In [110]: (1 - cos(x)**2).evalf(subs=rep)                                                                                                                                         
Out[110]: 9.99999999999667e-13

In [111]: sin(x**2).evalf(subs=rep)                                                                                                                                               
Out[111]: 1.00000000000000e-12

There are algorithms for optimising the form of an expression for numerical accuracy but they aren't implemented in sympy. It is still possible that you could take a different approach for generating the equations to reduce these effects.

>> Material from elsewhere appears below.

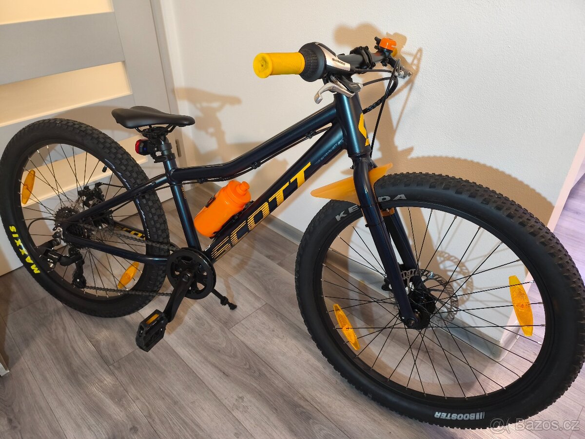 Nabízím kvalitní dětské kolo značky Scott Scale velikost 24, s pevnou vidlicí, lehký hliníkový rám, osmirychlostní přehazovačka Shimano, kotoučové brzdy. Váha kola je 10,2kg. Je opravdu lehoučké. Kolo je vhodné i na traily, cyklostezky a do města. Kolo je olepené ochrannou fólií proti poškrábání, která se dá samozřejmě sundat. Nový zadní plášť. Je ve výborném stavu, bez vad a po celkovém servise. Kolo je po jednom dítěti. Pořizovací cena byla 15000kč. Nyní prodáváme za 9300kč Rožnov pod Radhoštěm
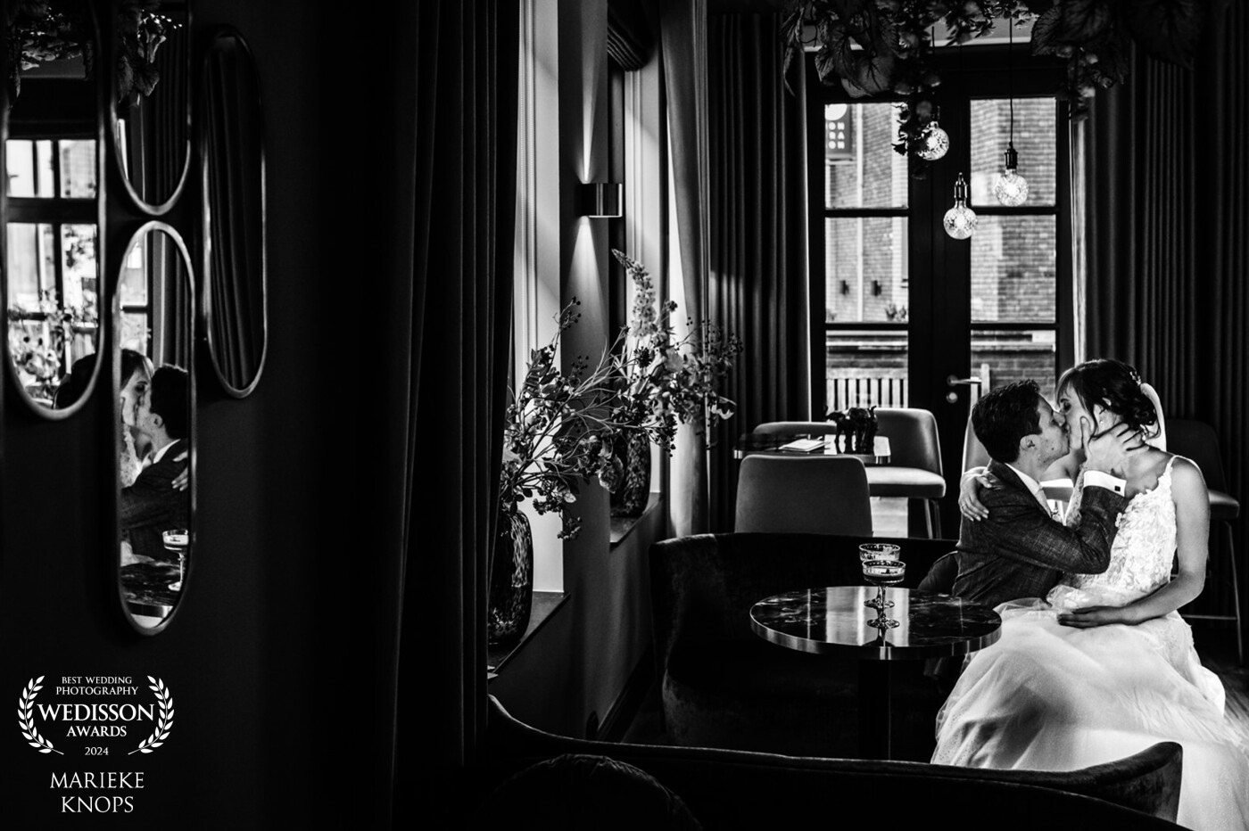 This beautiful couple choose a nice hotel for the photoshoot. It works perfect and extra with the reflection in the mirror.

I expect that it's also possible to get these expressions into a simpler form in general. A perhaps unrelated point but are you generating these with the Cholesky decomposition? You might find that the LDL decomposition gives something that simplifies better because it avoids the square roots.

[moorepants]

Thanks @oscarbenjamin, very helpful. I've got some ideas about the derivation of the expressions that may be helpful now. I can use these methods for examining it carefully.

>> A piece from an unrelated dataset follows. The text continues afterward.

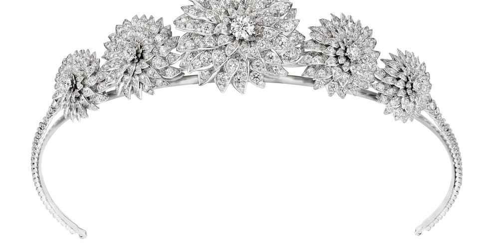 Snow-set diamonds mimic blossoming magnolias. Leaves and buds transform into off-centre tiaras and brooches — one graced with a 2.02-carat pear-shaped diamond.
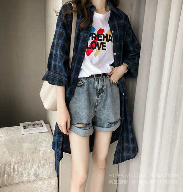 大ぶりチェック柄が可愛いロング丈シャツです。

I can see that using evalf and @isuruf's manual evaluation both result in higher precision, which I will use, but It stills seems like xreplace() should at least do the same thing as autowrap(), for this particular issue. Shouldn't xreplace() be executing float operations with python floats?

[isuruf]

Shouldn't xreplace() be executing float operations with python floats?

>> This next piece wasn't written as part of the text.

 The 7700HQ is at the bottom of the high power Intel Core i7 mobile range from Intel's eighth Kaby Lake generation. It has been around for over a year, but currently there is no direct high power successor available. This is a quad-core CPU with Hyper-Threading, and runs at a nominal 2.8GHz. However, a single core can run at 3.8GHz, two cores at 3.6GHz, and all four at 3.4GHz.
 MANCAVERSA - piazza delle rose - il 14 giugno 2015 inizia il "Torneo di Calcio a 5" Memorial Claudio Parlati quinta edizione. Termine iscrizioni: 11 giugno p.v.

It depends. As @oscarbenjamin said, the order of operations matter. The C/Fortran code generator might be generating code that changes the operation order (sympy doesn't care about the order of operations) and therefore the results might change.

[moorepants]

If I use the symengine computed values with the higher precision, I get the expected results from the model. That bug has been hanging in that PR in PyDy for like 5 years. So, my dynamics model formulation is correct, i.e. symbolic results are correct, but they are apparently in a form that is susceptible to floating point arithmetic errors, as Oscar showed. This really narrowed things down. I was looking in all the wrong places because this model has been formulated with numerous symbolic systems now and I've never seen any floating point issues associated with it. Thanks so much for the help. Now at least I know where to focus attention to getting the floating point errors resolved.

@isuruf I can't find any documentation for symengine and thus don't understand completely what your code is doing. For the .n() function what is the first argument? number of decimal digits or number of bits as you mentioned above? And why do you choose 18 when converting the floats to ratios of integers?

Thanks for the help.

[moorepants]

I expect that it's also possible to get these expressions into a simpler form in general. A perhaps unrelated point but are you generating these with the Cholesky decomposition? You might find that the LDL decomposition gives something that simplifies better because it avoids the square roots.

The square roots present come from calculating magnitudes of 3D vectors. Solving a linear system isn't involved in getting the provided matrix.

[isuruf]

For the .n() function what is the first argument? number of decimal digits or number of bits as you mentioned above?

Number of bits

And why do you choose 18 when converting the floats to ratios of integers?

Should have been 17. https://stackoverflow.com/questions/6118231/why-do-i-need-17-significant-digits-and-not-16-to-represent-a-double/

[isuruf]

To be precise, you can do se.Integer(int(v * 2**52))/2**52 where 52 is the number of bits in a double in the mantissa after the dot.

[moorepants]

Should I leave this issue open to address whether xreplace should have the same order of operations as autowrap? Otherwise, I can close.

[oscarbenjamin]

I don't know anything about autowrap so I can't judge whether this is an issue or not. In general though xreplace should be expected to be subject to the kinds of numerical problems mentioned above.

[moorepants]

autowrap, ufuncify, and lambdify (using module=numpy) all effectively do the same thing: code generate and evaluate with floats. So you can ask the same question for lambdify: Should xreplace use the same order of operations for floating point evaluation as lambdify?